Побрели к следующему самолёту, у которого тоже копошились люди. Ящики не выходили из головы Гайдаенко, и небрежные надписи на них усиливали тягостное впечатление.
– Александр Андреевич, – разорвал молчание Хатынцев, – я хочу спросить тебя и всегда что-то мешает. Ты только пойми меня правильно.
– Постараюсь понять правильно, – спокойным голосом отозвался Гайдаенко. – Спрашивай, коль нужда в том есть. Ну, что умолк?
– В городке говорят, что вы развелись с женой. Так ли это? Или это очередная сплетня?
– Да, это так. Только зачем тебе это?
– Есть причина, – полез за сигаретой Хатынцев, руки его дрожали. – На мой взгляд, лучшей семьи в городке не было… и вот такое. Со своей Галкой мы скубёмся каждую минуту, как оказываемся вместе, а живём. Так вот я думаю, может, для неё сейчас самый момент обвести меня вокруг пальца, подарить хор-рошие, ветвистые такие рога. Такое из нашей братии не один испытал. Любви от неё я не дождусь, пожалуй, а чего другого – это сколь угодно.
Александру стало жаль товарища.
– Олег, есть хорошая пословица, мудрая, я бы сказал, – вознёс он палец. – От сумы, от тюрьмы, от неверной жены – не зарекайся. Будь всегда готов к этому, и тогда не придётся тебе, если, не дай Бог, что-нибудь такое и случится, бежать с верёвкой на чердак.

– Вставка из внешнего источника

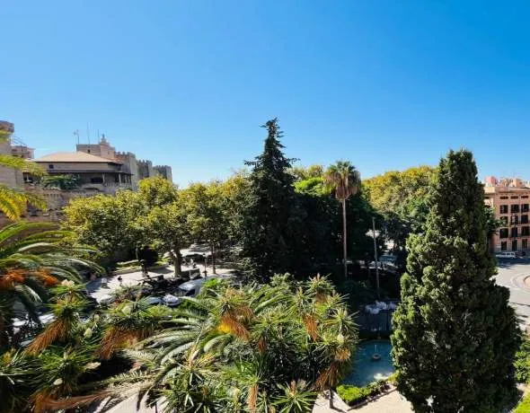 Se alquila para larga temporada esta vivienda situada en una de las zonas más exclusivas de Palma, junto a la Plaza de la Reina, la Catedral y el Palacio de L'Almudaina. Este apartamento destaca por sus amplios espacios, la gran luminosidad y unas vistas privilegiadas a jardínes.

– Так-то оно так, да не хотелось бы пополнять отряд бешено размножающихся, и давно вычеркнутых из «Красной книги» пятипалых рогоносцев.
– Не переживай, все будет хорошо! Если захочешь – персиянку отобьём у супостата, – хлопнул Гайдаенко сильной рукой по худой, костлявой спине товарища, и этим самым поставил точку на теме. – Интересно, где этот комендант запропастился? Не расплавился же он под этим солнцем, может, в арыке где прохлаждается? Ты заметил, сколько их тут?
– Кого? Комендантов? – рассеянно переспросил Хатынцев.
Подошли к самолету, это был старый трудяга семейства Илов. Из него выгружали раненых. Их выносили на носилках с капельницами, вели под руки, некоторые самостоятельно брели к санитарным машинам. Были безразличные к окружающим лица, были ищущие глаза, их обладателям казалось, что они обязательно встретят кого-то из родных или знакомых в этом далёком краю.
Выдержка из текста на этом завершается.